Carsten Ziegeler

**Name of the Vulnerable Software and Affected Versions** Apache Sling Servlets Resolver versions prior to 2.11.0 **Description** The issue is related to incorrect restriction of the directory path name in the Apache Sling Servlets Resolver, which can be exploited by a remote attacker to execute arbitrary code. This can be achieved through path traversal, potentially allowing a user with write access to the repository to trick the Sling Servlet Resolver into loading a previously uploaded script. The exact configuration of the system determines its vulnerability to this attack. **Recommendations** For Apache Sling Servlets Resolver versions prior to 2.11.0, upgrade to version 2.11.0 to fix the issue. It is recommended to upgrade regardless of the current system configuration to prevent potential exploitation.

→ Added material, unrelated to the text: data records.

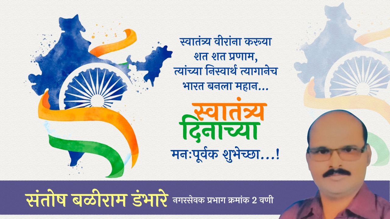 ऍडव्हटोरिअलवणीवार्ता 74 व्या स्वातंत्र्य दिनाच्या सर्वांना हार्दिक शुभेच्छा… शुभेच्छुक : संतोष डंभारे, नगरसेवक प्रभाग क्र. 2 वणी By WaniBahuguni Desk On Aug 14, 2020 0 19 Share Lead Story 0 19 Share WhatsAppFacebookTwitter
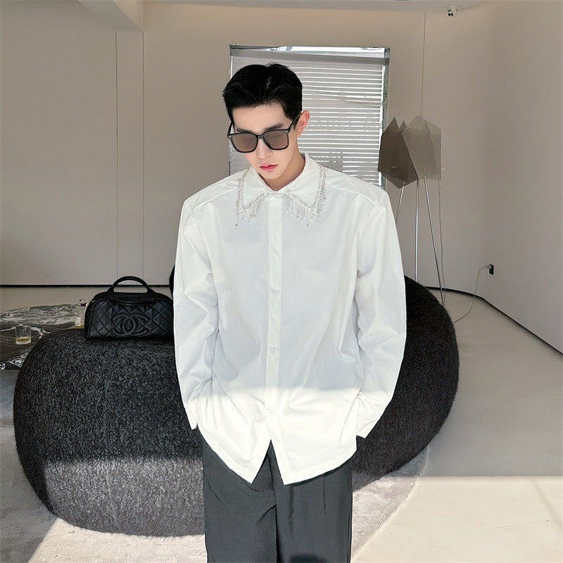 Adopta un look elegante y sofisticado con nuestra camisa decorativa de cadena de diamantes para mujeres. Esta pieza única se distingue por sus detalles metálicos y su cuello con solapa, perfecta para un estilo chic y casual. 🌟
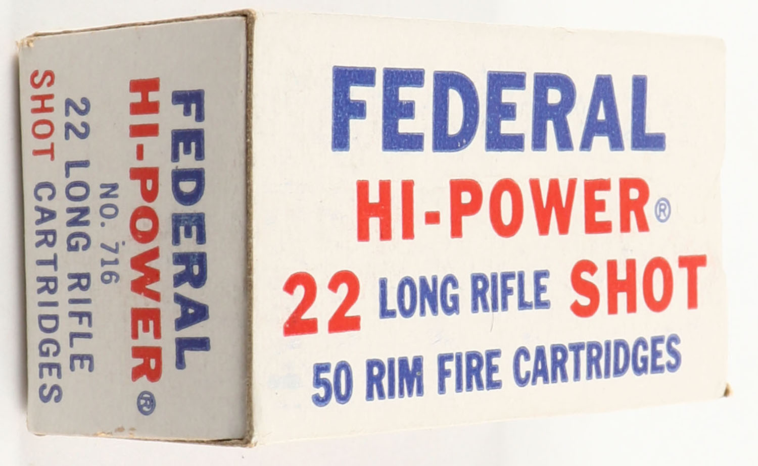 Federal, Hi-Power, .22 Long Rifle Shot, RHWeb: FED-8 LR-5a, Full, 1pc. White blue & red box, box is solid with excellent color, very minor age soiling & corner wear, edges are crisp, end flaps are solid, ammo is excellent. Grade: Excellent + - Value: 20 to 60
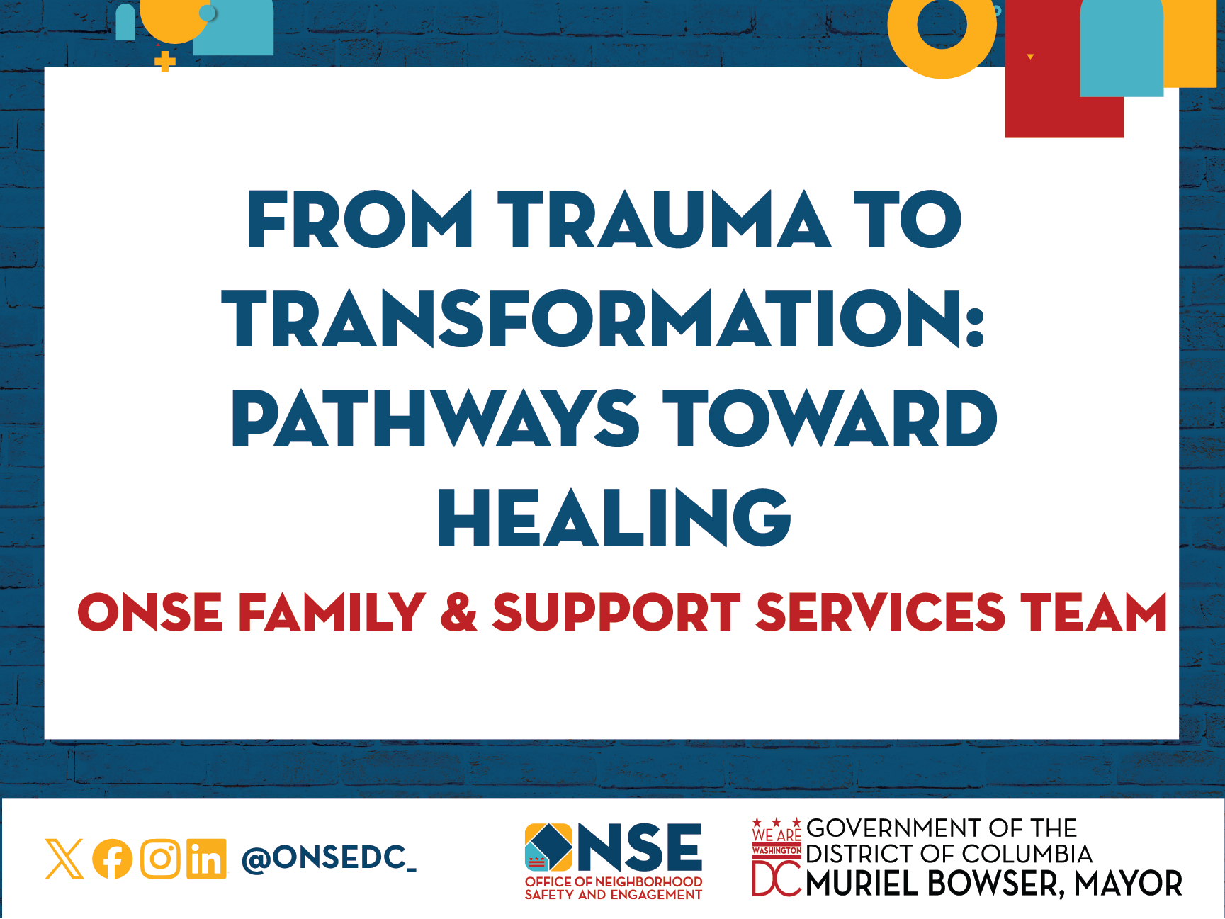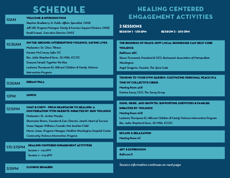 The first symposium had been designed in orange, the color associated with gun violence awareness. But for year two, ONSE wanted something different: a visual system rooted in the organization's own brand colors (navy, light blue, red, yellow) that could be reused and built upon for future events. The design needed to feel official enough for a DC government agency while creating an atmosphere of healing rather than heaviness.
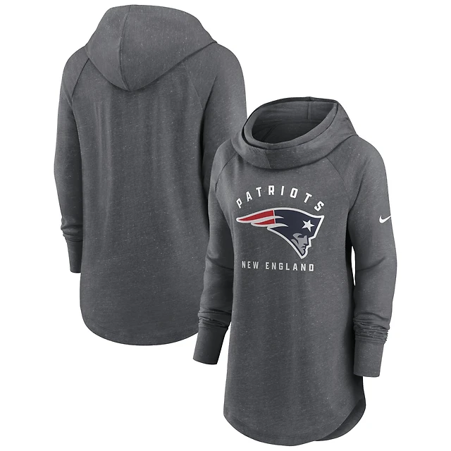Women's Nike Heather Charcoal New England Patriots Raglan Funnel Neck Pullover Hoodie
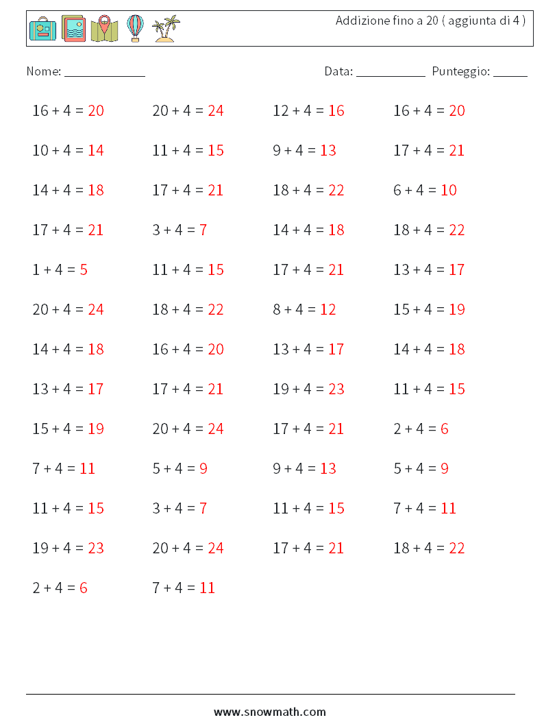 (50) Addizione fino a 20 ( aggiunta di 4 )
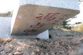 冯占海将军墓碑被人弄倒在地(资料图片)
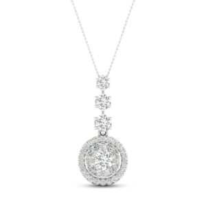 Multi-Diamond Drop Necklace 2 ct tw Round & Marquise-cut 14K White Gold 18″
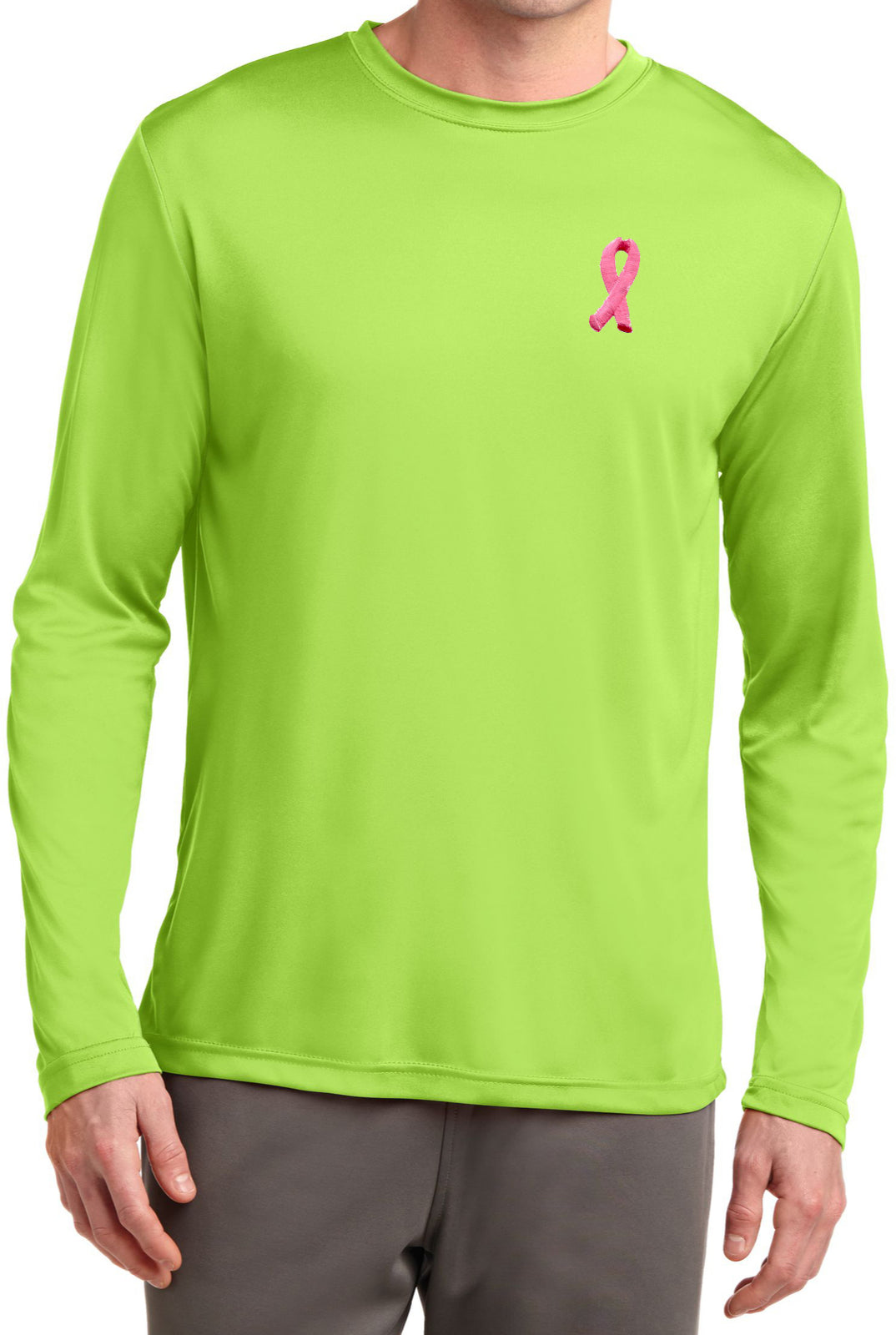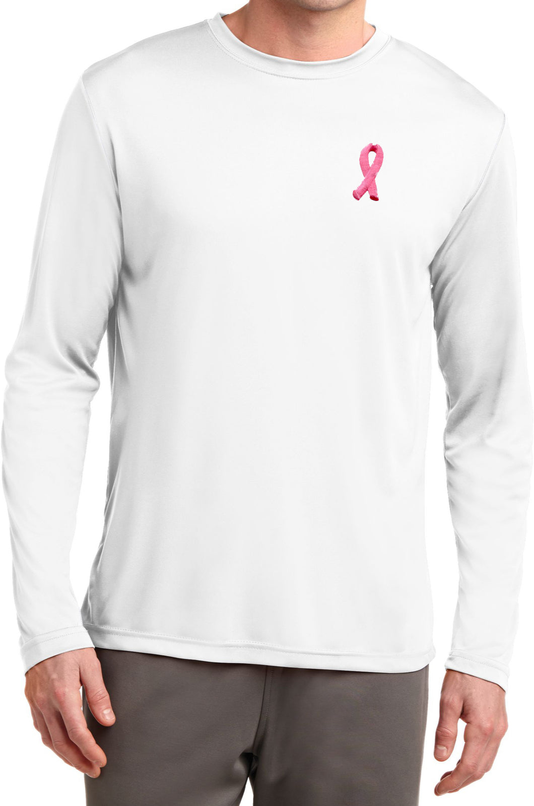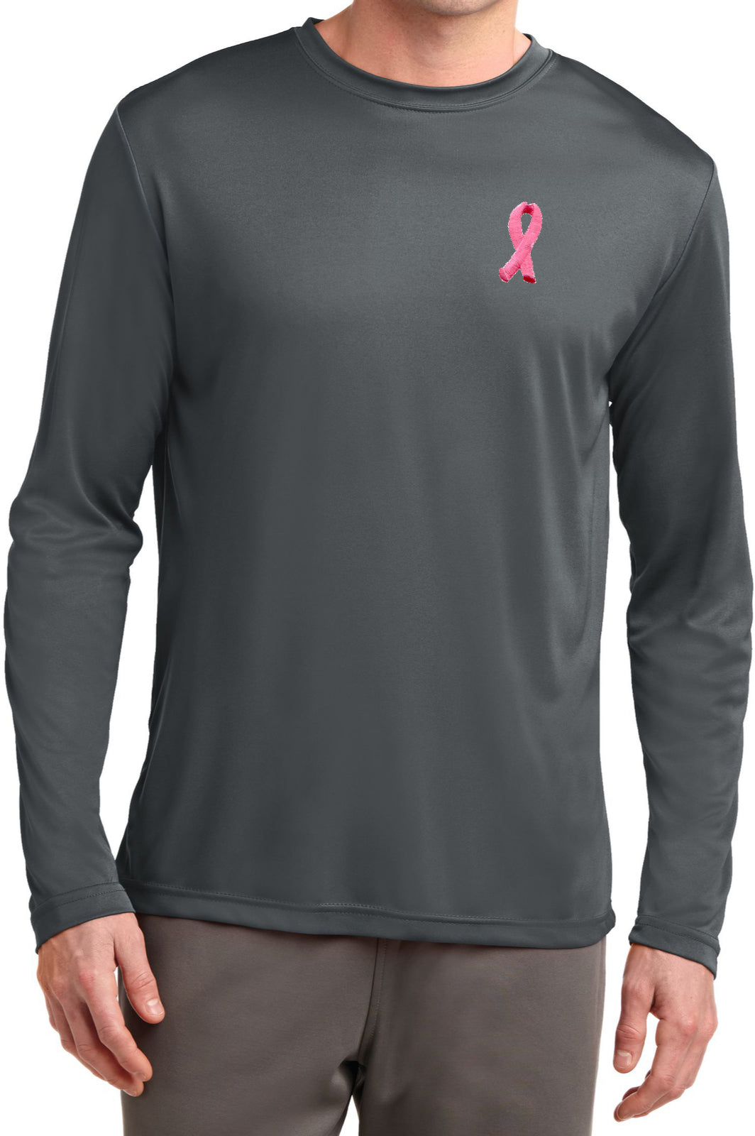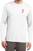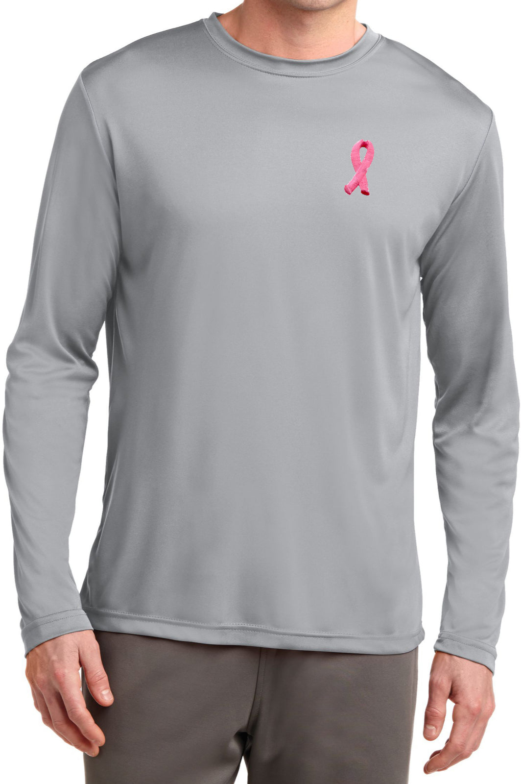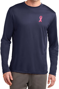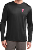 - A mens dry wicking long sleeve shirt featuring an embroidered Breast Cancer Ribbon as a pocket print

**Name of the Vulnerable Software and Affected Versions** Apache Sling Auth Core bundle versions prior to 1.1.4 **Description** The issue allows remote attackers to redirect users to arbitrary web sites and conduct phishing attacks via a URL in the `resource` parameter. This is related to a custom login form and potential XSS. **Recommendations** For versions prior to 1.1.4, update to version 1.1.4 or later to resolve the issue. As a temporary workaround, consider restricting access to the AbstractAuthenticationFormServlet to minimize the risk of exploitation. Avoid using the `resource` parameter in the affected servlet until the issue is resolved.